Are negative studies bad? – “Not at all” says Jeremy Bewley, newly elected Council member
by Jeremy Bewley, Consultant in Anaesthesia and Intensive Care
I’ve been a member of the ICS for over 20 years and was on the trainee committee at the turn of the century. I have fond memories of the meetings that we ran at the Belfry, Troon, Durham and Cheltenham. It was an exciting time for the specialty with the development of the UK intensive care training programme.
I became a Consultant in 2001. Roles have included: educational supervisor, ICM Board tutor, Training Programme Director, Regional Advisor and FICM examiner – but not at the same time!
the thing that has made me tick over the last 9 years is my ICM research team
However, the thing that has made me tick over the last 9 years is my ICM research team. It arose out of the Prowess shock trial and, while for many this Lilly sponsored trial is perceived as another failure, for me it was the start of a journey. I managed to persuade our finance manager to gamble on recruiting research nurses. They have become self-financing and have enrolled patients into over 35 trials.

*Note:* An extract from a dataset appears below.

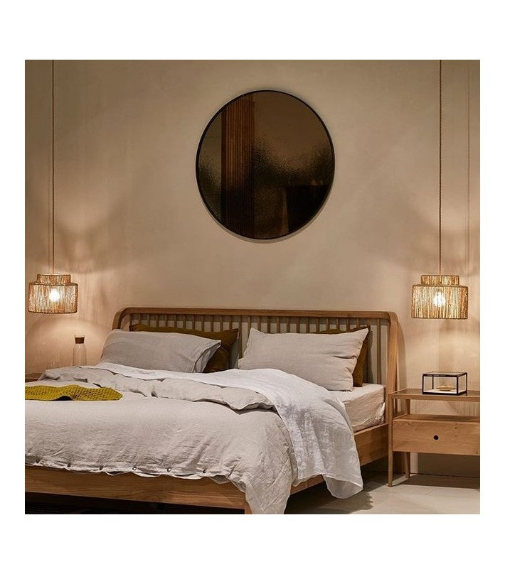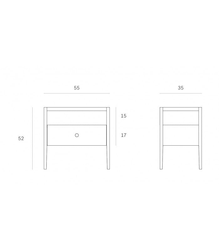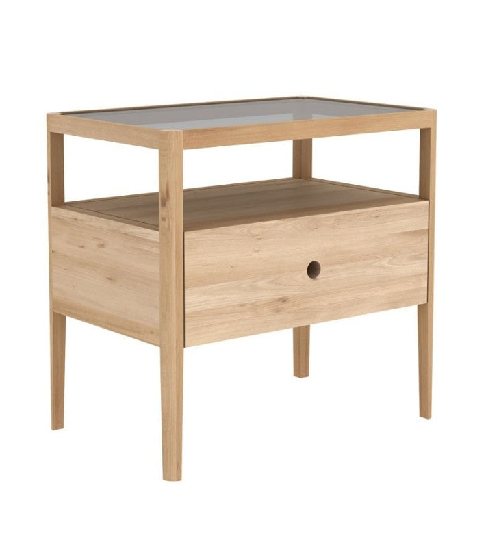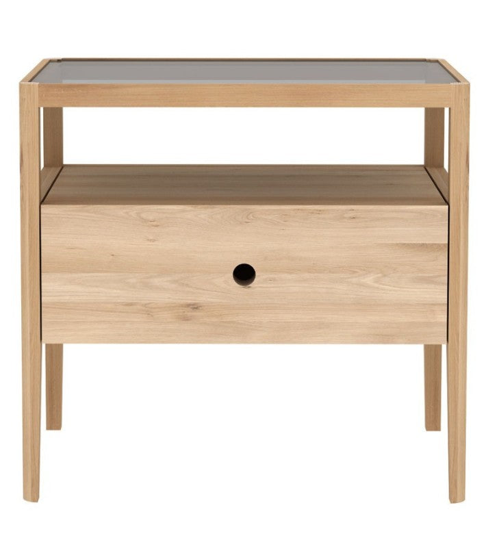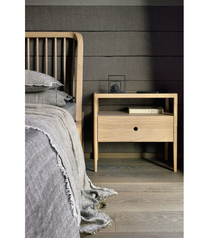 La mesita de noche Spindle de roble se puede combinar con la cama Spindle. Está compuesta por una balda de vidrio y un cajón.

The studies include small ‘home grown’ trials, commercial ones and large multicentre NIHR portfolio studies. It is the latter that have given me the most satisfaction. They have changed my practice and hopefully that of others. We were top recruiters in the UK nutrition trial – CALORIES and have just finished enrolling in the largest septic shock trial ever undertaken, ADRENAL (3800 patients), with results due in the next 12 months.

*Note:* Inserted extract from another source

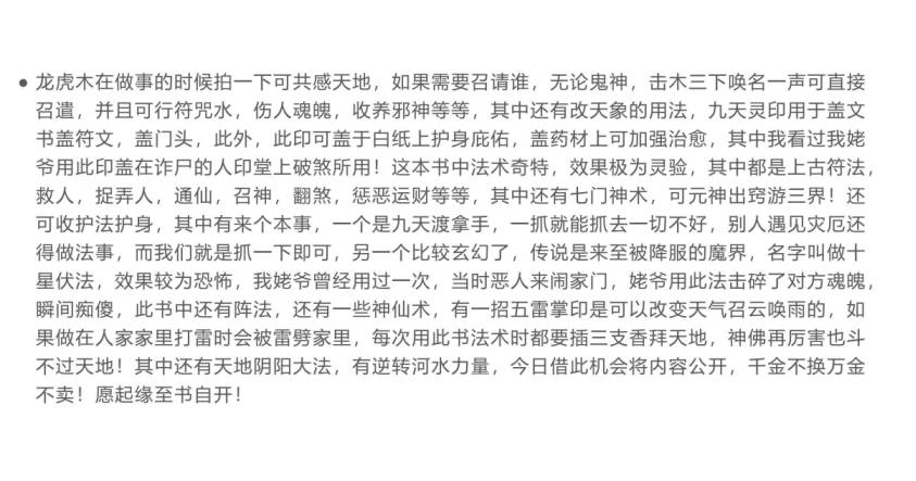 龙虎木在做事的时候拍一下可共感天地,如果需要召请谁,无论鬼神,击木三下唤名一声可直接召遣,并且可行符咒水,伤人魂魄,收养邪神等等,其中还有改天象的用法,九天灵印用于盖文书盖符文,盖门头,此外,此印可盖于白纸上护身庇佑,盖药材上可加强治愈,其中我看过我姥爷用此印盖在诈尸的人印堂上破煞所用!这本书中法术奇特,效果极为灵验,其中都是上古符法,救人,捉弄人,通仙,召神,翻煞,惩恶运财等等,其中还有七门神术,可元神出窍游三界!还可收护法护身,其中有来个本事,一个是九天渡拿手,一抓就能抓去一切不好,别人遇见灾厄还得做法事,而我们就是抓一下即可,另一个比较玄幻了,传说是来至被降服的魔界,名字叫做十星伏法,效果较为恐怖,我姥爷曾经用过一次,当时恶人来闹家门,姥爷用此法击碎了对方魂魄,瞬间痴傻,此书中还有阵法,还有一些神仙术,有一招五雷掌印是可以改变天气召云唤雨的,如果做在人家家里打雷时会被雷劈家里,每次用此书法术时都要插三支香拜天地,神佛再厉害也斗不过天地!其中还有天地阴阳大法,有逆转河水力量,今日借此机会将内容公开,千金不换万金不卖!愿起缘至书自开!
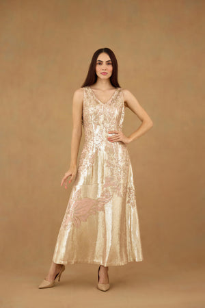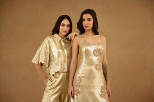 This green kaftan-style dress offers a relaxed fit that ensures comfort without compromising style. Expertly embellished, it adds a subtle yet elegant touch, making it ideal for occasions where ease and refinement are equally important. Its flowing silhouette flatters various body types, blending traditional charm with contemporary appeal.

Now some may look back at ICM research and comment on the large number of so-called negative trials that we have participated in. This frustrates me, as without these studies, we would still be using activated protein C, oscillators and liberally prescribing salbutamol. Instead we can use vasopressin safely and can commence early TPN knowing that mortality will not increase. These studies have changed practice as they have pointed us in new directions such as: appropriate early use of beta-blockers, alternative approaches to ventilation, early goal directed therapy in sepsis, nutrition and tracheostomy timing.

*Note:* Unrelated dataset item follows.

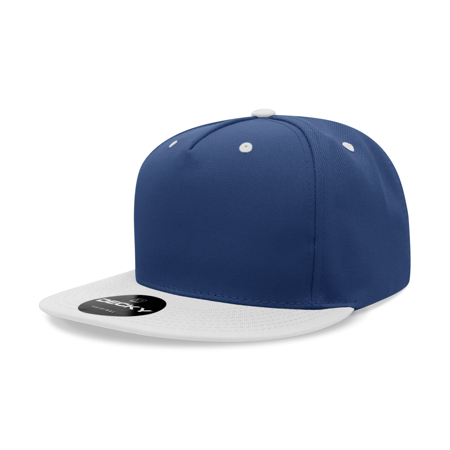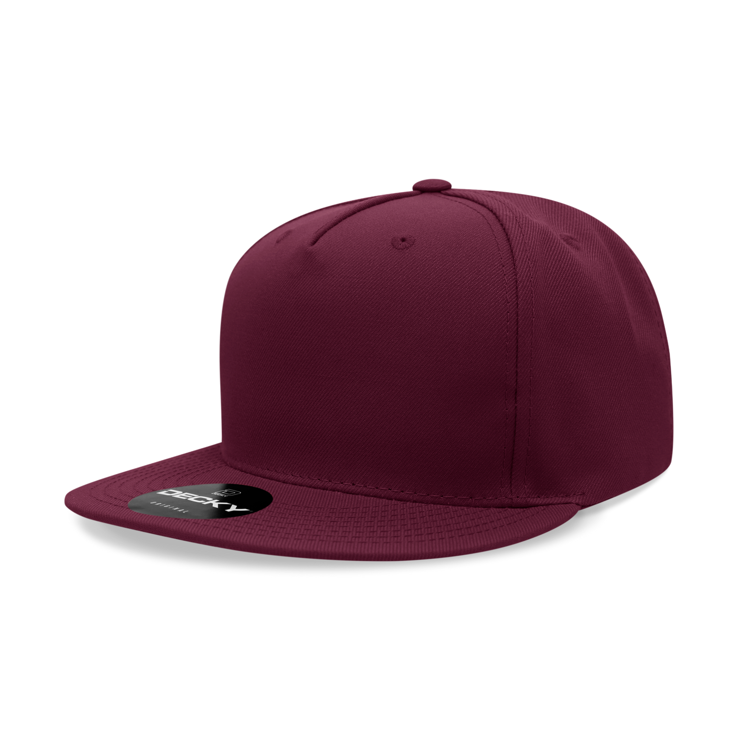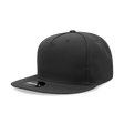 The 5 Panel Polyester Snapback is a constructed cap featuring a cotton sweatband, stitched eyelets, a retro flat bill and a plastic snap closure.

So what do I want to achieve within the ICS regarding research?
let’s come up with a replacement for negative when we talk about trial results?
First let’s come up with a replacement for negative when we talk about trial results? Any suggestions? Secondly, think about ICM research as if we are entering a maze. We can make an educated guess as to which path to take but we will walk down a few dead ends, some longer than others, and yet each time we are nearing the middle!
So I want to encourage all ICUs to enter that maze and get involved in critical care research. It need not be just for academic units. All ICUs should gamble and employ research nurses to work towards recruiting most of their patients into research studies. Only by doing so will we continue to improve patient care.